In a few weeks, when we gather in this place, when we see
faces familiar and new, we will hear another powerful, yet strange sound; the
blast of the shofar, a sound awesome, alien and powerful. It is a fitting sound
for the day we celebrate God’s majesty, a day where ‘even the hosts of heaven
are judged’. The sound of the shofar is like no other, entirely foreign to our
daily lives. No man-made instrument, be it trumpet or car horn or computer, can
replicate it. I’ve heard computerized versions, and recordings of the shofar, and
our organ even has a shofar key, and it does not sound the same; there is no
comparable experience to hearing the ram’s horn in person, on the day of Rosh
Hashanah. You cannot fake the shofar blast.
For such an instrument as this, one that awakens the Jewish
soul, that proclaims God’s sovereignty, we would expect an instrument that
dazzles. I have always had a childlike fascination with musical instruments:
the curve of the neck of a guitar, the way light reflects off a brass horn, how
a clarinetist holds their hands just so, the shine and color of the violin. All
these instruments great and small are works of art; even the computers,
turntables and keyboards used by the dj or producer are like some powerful,
glowing machine, alluring and frightening at the same time. Yet, the shofar is
none of these things. It is a simple instrument; no buttons, no strings, no
valves. It has neither reed nor mouthpiece. It takes no ornamentation; no
metal, no elaborate designs. Indeed, the moment you carve or cover a shofar in
metal or add any kind of decoration it is rendered unusable, unfit to fulfill
the commandment. There is only one quality of the Shofar with which the rabbis
were concerned; it’s sound. It had to produce the right sound, the sequence of
blasts—the notes—that signaled the opening of the gates at the Days of Awe.
Truly, with the shofar, it is what’s inside that counts.
And yet the mitzvah is not to sound the shofar, but to hear
it. Again, the sound, not the sound-er, is what is important. Why must we hear
the shofar? What compels us to hear its sound?

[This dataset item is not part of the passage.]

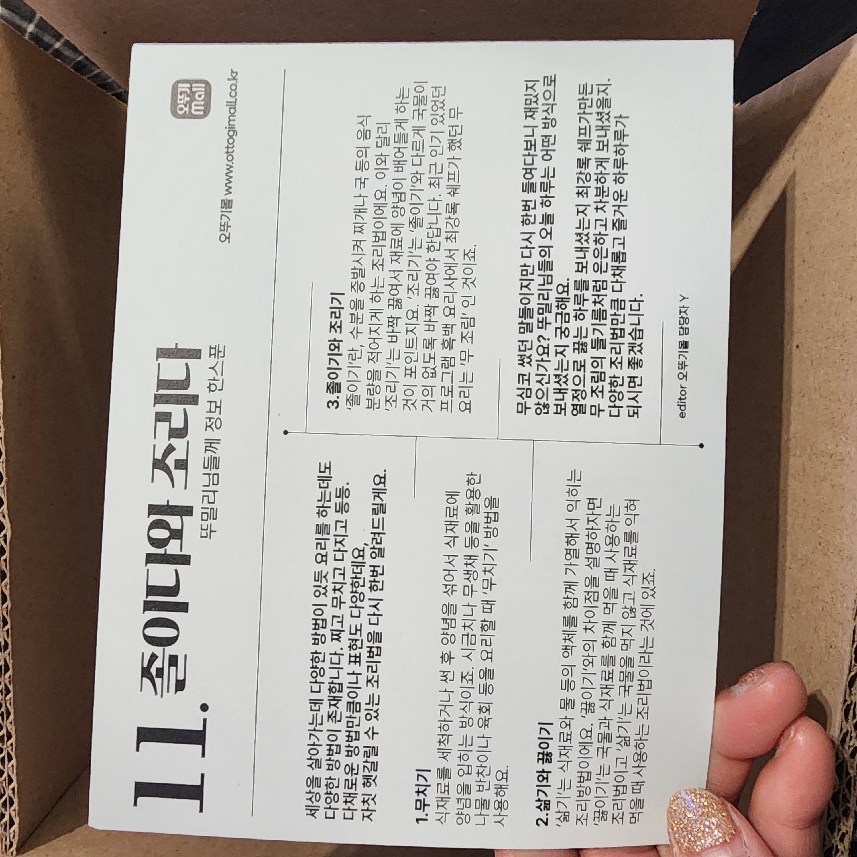 현재 구매해주신 고객님들께 제품 포장 시 "오뚜기몰레터" 가 함께 발송되고 있습니다.
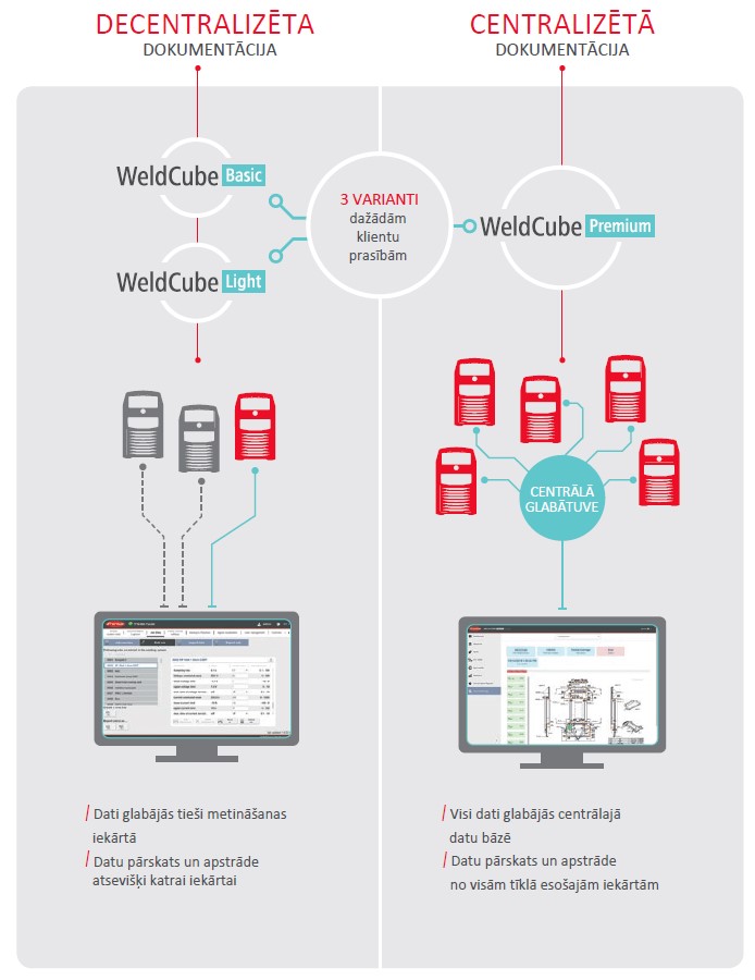 WeldCube Premium saglabā datus no visām tīkla iekārtām centralizētā datu bāzē.

After all, it’s weird. It makes
us uncomfortable. We giggle when we hear it, when the ba’al tekiah the shofar sounder, turns blue, then purple, then goes
to plaid as their Tekiah Gedolah goes on “too long”. Why this sound? Why a
sound at all?
So we learn, in Sefer
HaChinuch, that “at the root of the precept lies the reason that since man
is a creature of physical matter, he is not aroused to things except by
something stirring.” In other words, sounds stir something up in us. Maybe it’s
the song you first slow-danced to, or that one aria in an opera, or the primal
sounds of heavy metal or hip-hop all hit you right where it counts. Yes, the
auditory cortex, but also the neshama,
the soul.
And the shofar is supposed to make us feel weird,
uncomfortable. As Sefer HaChinuch
continues, the shofar is the sound of judgment. We hear it and we are
supposed to ‘entreat mercy for [our] sins from the Master of Mercies…” and “break
the impules of [our] heart that is evil with the cravings and sinful matters of
the world.” We hear the shofar three times, and the sound is supposed to remind
us of our own disappointments, our own stumbles, and seek to do better. We feel
awkward because deep down inside, the sound causes us to struggle, our hearts turning
toward the mistakes we’ve made in the past year, laid bare without pretense. We
don’t like that. That makes us uncomfortable. We want the sound to go away, but
it will not. Instead, we need to hear the sound, to listen carefully, listen to
our hearts carefully, and turn ourselves toward the right path.
Three and a half more weeks and we hear the sound of the
shofar. Will we be ready to hear the sound? Will we be ready to turn ourselves
from within? For just as it is with the shofar, so too is it with us, and our
souls: it’s what’s inside that counts.